An LED encapsulating material comprising a mixture of scattering particles comprising: (i) a linear polymer comprising a dimethyl decyloxy group having at least one vinyl terminal substituent and/or one comprising at least one vinyl end a linear polymer of a methylphenylphosphonyl group and/or a diphenylphosphonium group of a substituent; and (ii) at least one resin selected from the group consisting of M ^Vi D ^H D ^Ph T ^Ph , M ^Vi M ^H D ^Ph T ^Ph , M ^Vi D ^H T ^Ph , M ^Vi M ^H T ^Ph or M ^Vi (D)T ^Ph , wherein (i) as the organic ruthenium matrix (ii) as scattering particles, and if Ii) As the organic ruthenium matrix (i) as scattering particles.

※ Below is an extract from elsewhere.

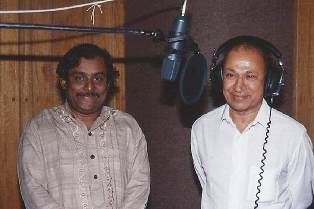 Born Gangaraju and working in his father’s printing press in Mandya, his guru Lavani Neelakantappa gifted him a swan (hamsa) pen, and named him Hamsalekha. From the early 1980s to mid-2000, he was the king of lyrics and music in Karnataka. In fact, he took a sabbatical to start an institute to encourage children to learn the indigenous art forms of Karnataka. He composed serious Hindustani classical songs in Gaanayogi Panchakshari Gavaayi, a movie about a blind saint from Karnataka. SPB won a National Award for his singing in this movie and Hamsalekha was awarded the Best Music Director.

An LED encapsulating material comprising a mixture of scattering particles according to claim 1, wherein at least one of the components contained is as a scattering particle, and the other one or more is used as a silicone matrix. The LED package material of claim 1 further comprising a crosslinking agent. The LED package material of claim 1, further comprising a curing inhibitor, a catalyst, and a phosphor. The LED package material of claim 1, which further comprises nanoparticle. The LED encapsulating material of claim 1, further comprising at least one surfactant selected from the group consisting of TiO ₂ , ZnO, and cerium oxide. The LED package material according to claim 6, wherein the sum of the contents of TiO ₂ , ZnO and cerium oxide and the selected surfactant is 0.05 to 5% by weight based on the total content of the scattering particle mixture. The LED package material according to claim 6, wherein the average particle diameter of TiO ₂ , ZnO and cerium oxide is between 1 nm and 50 nm. An LED package comprising: an LED wafer; and the LED package material according to any one of claims 1 to 8. The LED package of claim 9, wherein the LED wafer emits blue light when a current is applied. The LED package of claim 9 or 10, further comprising a yellow phosphor.